A musical version, A Bronx Tale directed by Robert De Niro opened in 2016 at the Longacre Theatre on Broadway and played until December 2018.

Overview
A Bronx Tale tells the story of Calogero Anello, a young boy from a working class family who gets involved in the world of organized crime. Calogero's father is a bus driver who tries to instill working-class family values in his son. As Calogero gets older, the aura and mystique of the Mafia, and the charms of Sonny, the local mob boss who befriends Calogero (and ends up becoming a father figure to him), become difficult to resist. As Calogero comes of age, he must struggle with the choice of following his beloved father's values or submitting to the temptations of the life of organized crime.

Background and productions
Palminteri states that he began writing the play after being fired from a club when, as a doorman, he refused entry to super agent Swifty Lazar. The play is largely based on Palminteri's own childhood, specifically the shooting Calogero witnesses as a child, as well as the occupation and name of his father.

A Bronx Tale premiered at Theatre West in Los Angeles, achieving great critical success. Palminteri relates that "After some polishing, the show opened to positive reviews and soon attracted Hollywood interest. 'Every director, every studio head wanted to make the movie,' Palminteri said. 'They offered, $250,000, $500,000.'" Palminteri then appeared in the play Off-Broadway at Playhouse 91, from October 10, 1989, to December 24, 1989, directed by Mark X. Travis. The play had a sold-out run and Palminteri received a 1989–1990 Special Award from the Outer Critics Circle.

2007 Broadway 
In 2007, Palminteri performed his one-man show on Broadway. The Broadway production began previews on October 4, 2007, and opened on October 25, 2007, at the Walter Kerr Theatre. The show closed on February 24, 2008, after 108 performances and nineteen previews. It was directed by Jerry Zaks and Produced by Go Productions with Trent Othick being the lead producer,  with the set designed by Jim Noone, and the lighting designed by Paul Gallo. It recouped its capitalization and was followed by a national tour. The play was nominated for the 2007–2008 Outer Critics Circle Award for Outstanding Solo Performance.

Film adaptation
In 1990, at a performance of A Bronx Tale, Robert De Niro met with Palminteri in his dressing room after having seen the show. De Niro told Palminteri, "This is one of the greatest one-man shows I've ever seen, if not the greatest... This is a movie, this is an incredible movie." After acquiring the rights to create the film, with De Niro claiming the deal was made solely with a gentlemen's agreement with Palminteri, the duo began crafting the screenplay. Prior to partnering with De Niro, Palminteri rejected several offers for the film's rights, including some as high as $1 million, due to not being granted the roles of primary screenwriter and Sonny, the gangster Calogero meets. De Niro met Palminteri's requirements on the condition that he be allowed to direct the film and play Lorenzo, Calogero's father, which Palminteri accepted. The film of the same name was released in 1993.

Musical adaptation

After a ten-year development process, the original one man show was adapted into a new musical with a book by Chazz Palminteri, music by Alan Menken, and lyrics by Glenn Slater, and premiered at the Paper Mill Playhouse (Milburn, New Jersey) on February 4, 2016, before opening on Broadway December 1 later that year.
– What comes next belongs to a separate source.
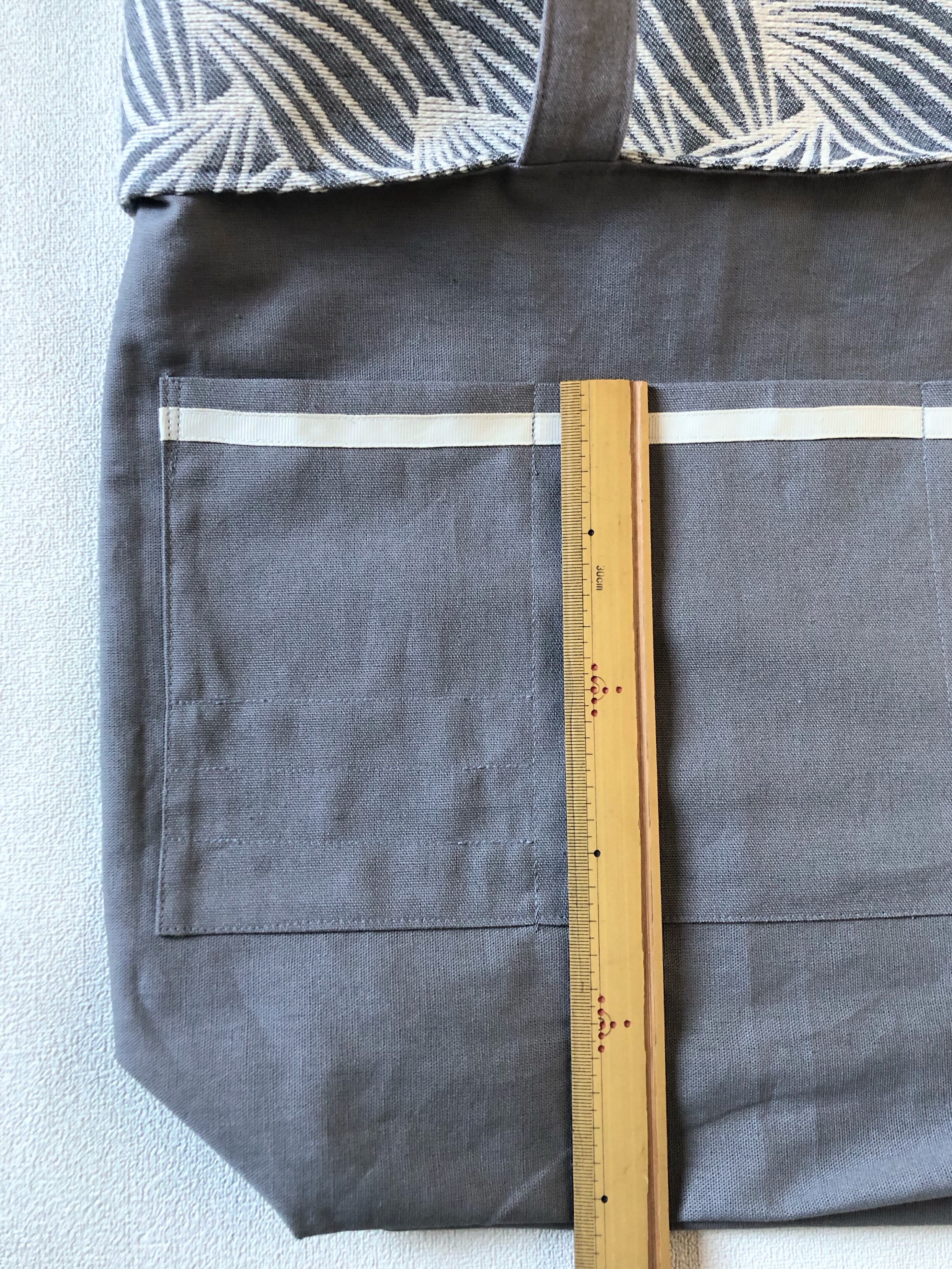 このバッグは横幅が有るのでポケットを大中小3個つけました。小物や、鍵、スマートフォンなどを整理して収納できます。小のポケットは使う人がベストサイズの深さで使えるように底を3本縫っています。リップや目薬など小さいものを入れるのに便利ですので、その場合はそのまま使用して下さい。ちょっと深さが必要な場合は底縫いを解いてお使い下さい。小は横幅が狭い為あまり深くすると手が入らず使いづらくなり、その反面浅いとリップとか小物の出し入れがしやすいと言うメリットがあります。お好みで調整してお使い下さい。(ほどきたい時は底糸を針や楊枝のような尖ったもので、ちょっと引き出して切ると楽にほどけます)
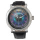 Uhr, Vintage Männeruhr mit schwarzem Lederarmband

The musical is co-directed by Robert De Niro, who directed the original film, and Jerry Zaks, who directed the one man show on Broadway in 2007. The show also features choreography by Sergio Trujillo. Tommy Mottola serves as the production's leading producer.

The production includes sets by Beowulf Boritt, costumes by William Ivey Long, lighting by Howell Binkley, and sound by Gareth Owen. The cast features Bobby Conte Thornton  as Calogero, Nick Cordero as Sonny, Hudson Loverro as Young Calogero with Athan Sporek as his alternate, Richard H. Blake as Lorenzo, Ariana DeBose as Jane, and Lucia Giannetta as Rosina.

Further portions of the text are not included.